#### [PROBLEM DESCRIPTION]
Set down every line of the data exactly, skipping the pictures.

#### [GIVEN DATA]
Content starts
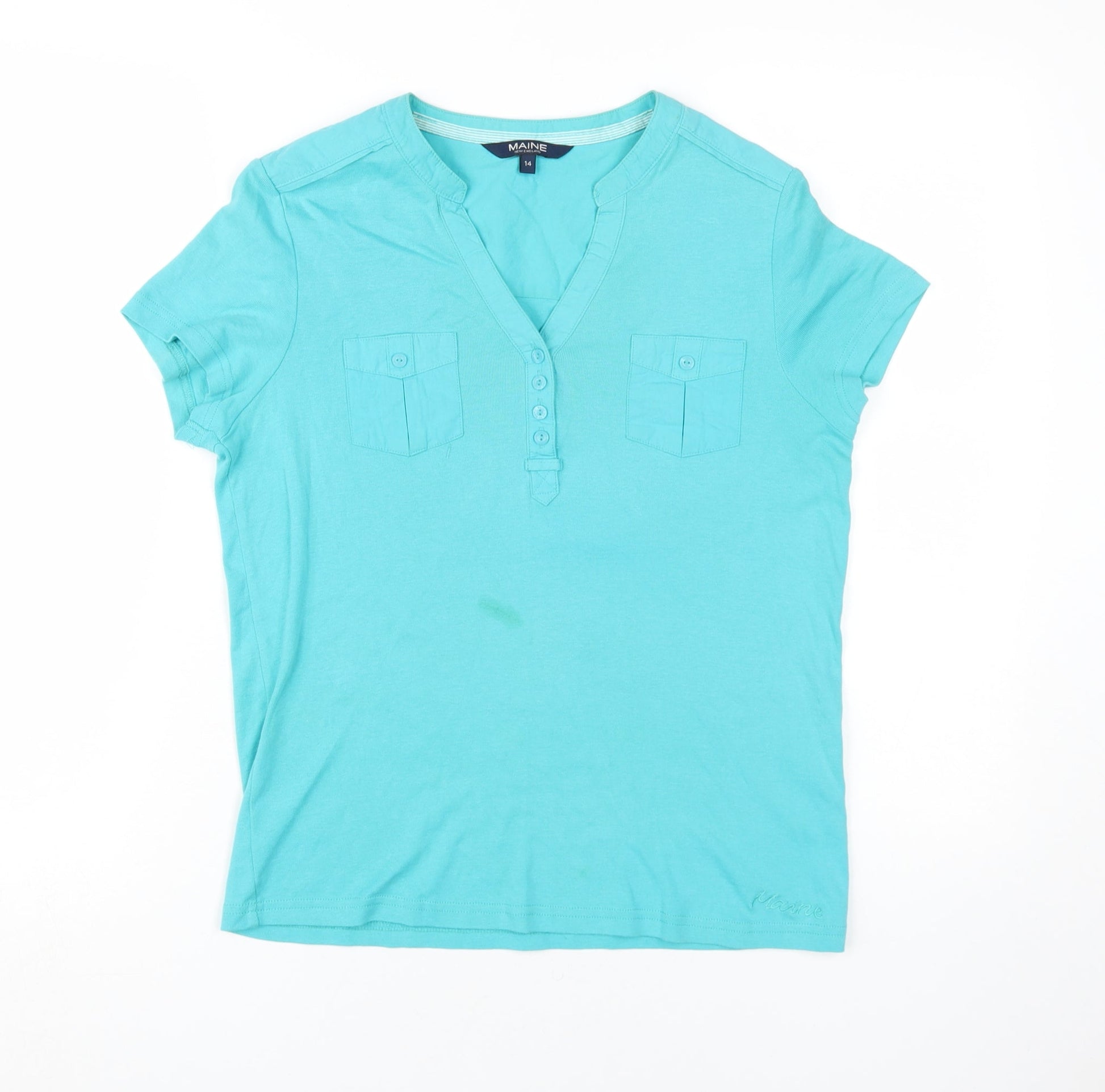 Maine New England Women's Blue Henley T-Shirt Size 14
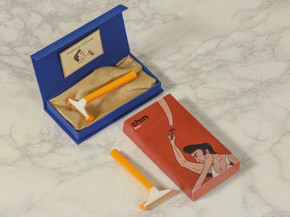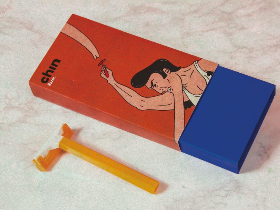 It was a close shave for Christian Schubert who decided to create an identity and packaging for a pretend razer brand. Naming the product "Chin" (which we love), his quirky packaging included the strapline "smooth chin, practical chin" along with illustrations of a male character with an unusually long chin. Brilliant.
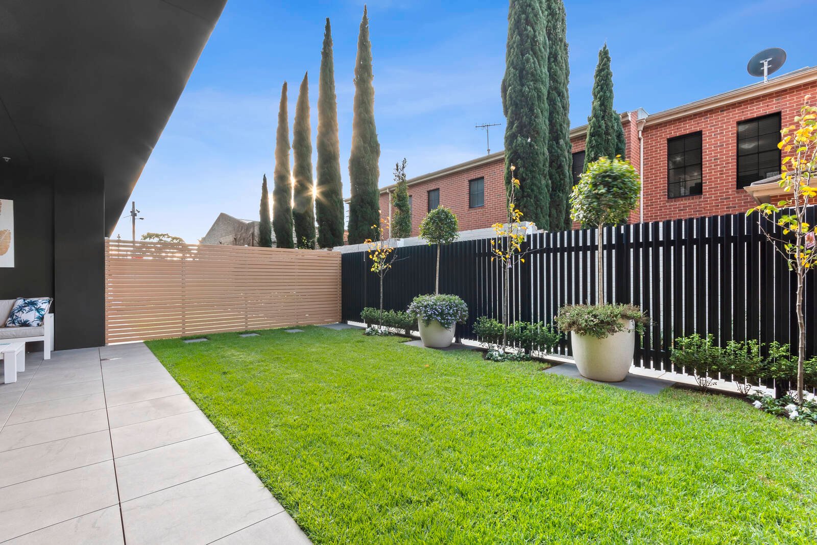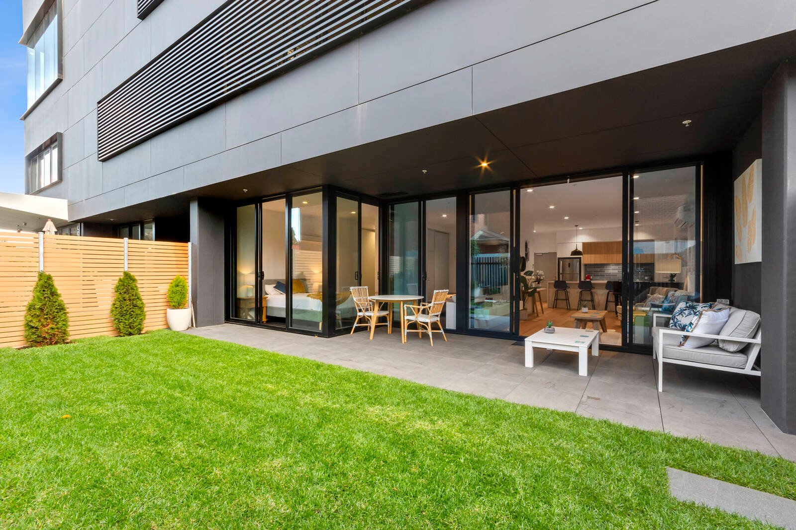 Large glass sliders from the living allow for a seamless indoor/outdoor flow, leading out to a paved undercover al fresco and lush north-facing garden, offering a tranquil space to relax or entertain. Enjoy stepping onto the lawn and feeling the grass between your toes, a rare indulgence for apartment living!
Content ends
#### [TASK SOLUTION]
 Maine New England Women's Blue Henley T-Shirt Size 14
 It was a close shave for Christian Schubert who decided to create an identity and packaging for a pretend razer brand. Naming the product "Chin" (which we love), his quirky packaging included the strapline "smooth chin, practical chin" along with illustrations of a male character with an unusually long chin. Brilliant.
 Large glass sliders from the living allow for a seamless indoor/outdoor flow, leading out to a paved undercover al fresco and lush north-facing garden, offering a tranquil space to relax or entertain. Enjoy stepping onto the lawn and feeling the grass between your toes, a rare indulgence for apartment living!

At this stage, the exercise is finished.